Ни кровинки в лице. Опущенными руками она прижимала к себе передник. Поймав мой взгляд, она отвернулась и ушла в нашу комнату.

Я вскочил, но Том положил мне руку на плечо.

— Теперь оставь ее в покое, грязная свинья.

И все же я бросился бы к ней, но он держал меня за руку, пользуясь своей физической силой, и мог бы держать столько, сколько ему вздумалось бы.

— Ты пойдешь со мной, мистер Болван, сосунок проклятый. — И он повел меня вон из дома, через эту ужасную маленькую комнату, и вывел куда-то в сторону клозета и зарослей чертополоха, к кирпичной стене, а затем по грязной дорожке, вдоль нее и через обвалившуюся сточную канаву, где кончилась стена. Здесь пахло экскрементами и падалью.

Том остановил меня и заставил наклониться, а потом встать на колени возле небольшой дренажной канавы, уходившей куда-то под соседнюю сырную лавку. Он не позволил мне двинуться с места, но сам время от времени дергал меня за руку, чтобы напоминать о боли в моем избитом теле, и временами ворошил палкой грязь в канаве.

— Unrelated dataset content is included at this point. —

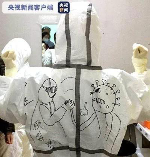 為消除孩子們的恐懼,護士在防護服上畫畫,這是江蘇支援黃石醫療隊隊員,南京市兒童醫院護士馬良超,進入隔離區前拍攝的照片。

— Посмотри сюда, — наконец велел он.

Я испугался, подумав, что он толкнет меня в канаву, и поэтому не был готов к главному удару.

Я посмотрел.

Там лежал наш с Софиной сын — бедняжка был такой крохотный, что поместился бы у меня на ладони. На его странно знакомой мне мордашке был след жестокого смертельного пореза.

Сейчас я не в силах больше об этом писать.

Р. S. Я уснул и, проснувшись, увидел Отса, который фамильярно положил мне руку на колено. Он спросил меня: вы спите, Джек Мэггс?

Я ответил ему: нет, не сплю.

Это была неправда — мне привиделся вышеупомянутый Призрак. Я видел его, он сидел в дилижансе напротив меня. Желтые волосы, длинные бакенбарды, синий длинный фрак с золотыми пуговицами.

Я спросил у него: это вы?

Он ответил: да, это я. Затем положил мне руку на голову, и его рука обожгла меня своим холодом. Я закричал и проснулся — дилижанс был полон незнакомых людей.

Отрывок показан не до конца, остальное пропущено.